The format of such a directive is as follows:
<!--#name [argument(s)]-->

name is the name of the directive. You may specify arguments to the directive if needed or wanted, seperated from the directive's name by one space. Note also that a directive must start and end on the same line. You may have other things on that line, including other directives.

When the server sends a HTML document to the remote client, it will parse all of the directives that are embedded in that document. The possible directives are:

count-total
This directive inserts the number of times that this page has ever been retrieved. You may use counters as many times as you wish per page, they will only increment once.
count-month
This directive inserts the number of times that this page has been retrieved this month.
count-today
This directive inserts the number of times that this page has been retrieved today.
count-total-gfx [location]
This directive inserts a HTML tag to include a graphical representation of the number of times that this page has ever been retrieved. If location is specified, it will be used as a base location for the font. A font has 10 digits in it, each in a seperate file, all PPM's. Say location is /~user/font1, and digit 1 is needed, then /~user/font1/1.ppm will be used as that digit.

Two default fonts are supplied with the deamon. These may be accessed with locations: /fonts/digital and /fonts/large.

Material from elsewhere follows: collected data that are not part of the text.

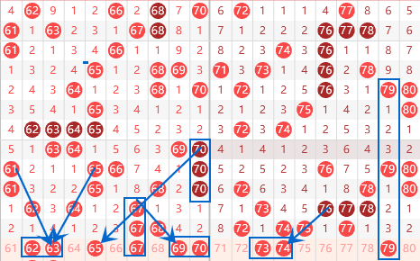 上期的63号数字没能开出来,本期我们在做一期看看,能否落下来。本期的67号数字我们要注意走三重的情况。72 74 75 77这种类型的号码,我们也是要注意开出一重一夹的情况的。本期的79 80号数字我们可以关注一下,有机会开出一个号码来的。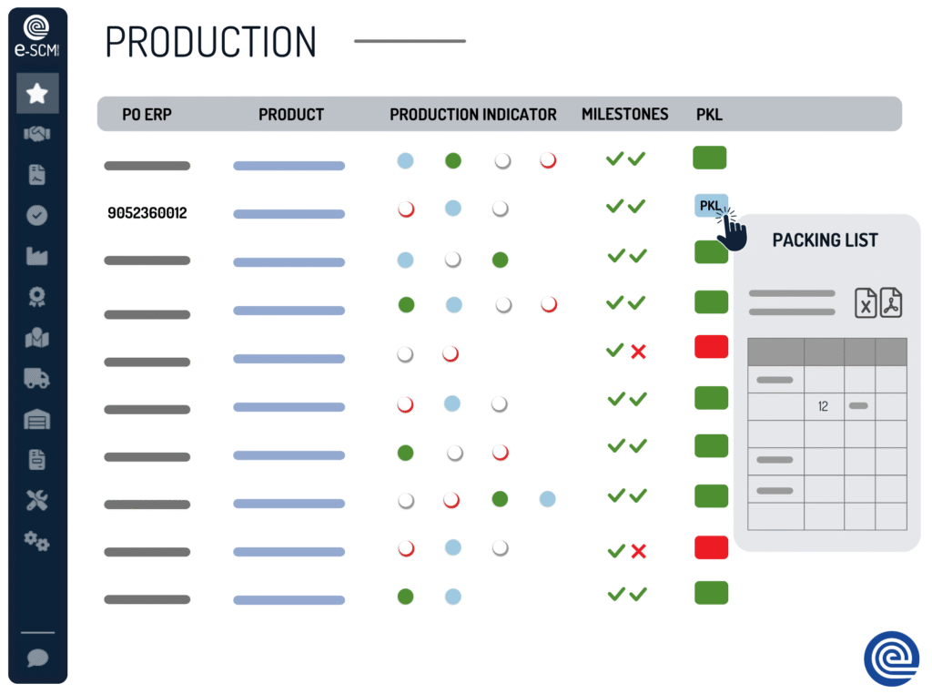 Il monitoraggio della produzione consente ai fornitori di dichiarare lo stato di avanzamento della loro produzione e ai fornitori di garantire il rispetto delle tappe fondamentali del processo.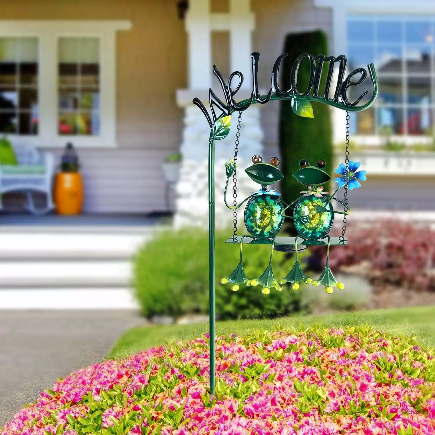 - ??Eye-Catching Outdoor Decor??This frog solar garden stake is a charming addition to your outdoor space. featuring a playful frog swing design and welcoming sign that will enhance any garden. patio. or yard

count-month-gfx [location]
This directive inserts a HTML tag to include a graphical representation of the number of times that this page has been retrieved this month. See above for location.
count-today-gfx [location]
This directive inserts a HTML tag to include a graphical representation of the number of times that this page has been retrieved today. See above for location.
date
This directive inserts the current date and time, optionally in your own format. You can specify your own date and time format using the date-format directive (see below).
date-format format
This directive uses format as the new date and time format. You must specify the format in strftime(3) format. Type man strftime for help on how to use this format.
include-file file
This directive allows you to include another file in this document. Very useful for standard headers and footers. Note that included files may be nested and that directives are parsed in them. Note also that counters and such always count the original file, so you can use the count-* directives in your standard headers and footers.
last-mod [file]
This directive (with a pseudonym last-modified inserts the last modification date of either the originally request file (the current document) or the optionally specified file. The date will be in the format specified by the date-format directive.
remote-host
Inserts the name (or the IP number if the name cannot be resolved) of the remote computer that is asking for this document.
run-cgi cgi
Runs the CGI binary cgi and inserts its output at this point. Standard PATH_INFO and PATH_TRANSLATED parsing is done, so you can give argumens to the CGI binary. All standard CGI environment variables will be set up appriopriately. See the CGI section for more details on CGI's.
agent-short
This directive inserts the name of the browser that the remote user is using in the short version (i.e. without the version number). Note that Netscape is displayed as Mozilla, which is Netscape's real name.
agent-long
This directive inserts the name of the browser that the remote user is using in the long version (i.e. with version numbers and other comments that the browser sends).
if keyword pattern(s)
The following four directive are the most powerful: they allow a kind of flow control in your documents. This directive displays all text and directives after it until it encounters an endif or a else directive, if the query evaluates to true.

Possible keywords are:

browser
If any of the patterns match the browser name that the remote user if using, the query evaluates to true, otherwise it evaluates to false. See below on how to specify patterns.
remote-host
If any of the patterns match the remote host's name or IP number, the query evaluates to true, otherwise it evaluates to false.
remote-name
If any of the patterns match the remote host's name, the query evaluates to true, otherwise it evaluates to false.
remote-addr
If any of the patterns match the remote host's IP number, the query evaluates to true, otherwise it evaluates to false.
argument
It is possible (since version 2.1) to pass arguments to HTML documents. If any of the patterns match the given argument, the query evaluates to true, otherwise it evaluates to false.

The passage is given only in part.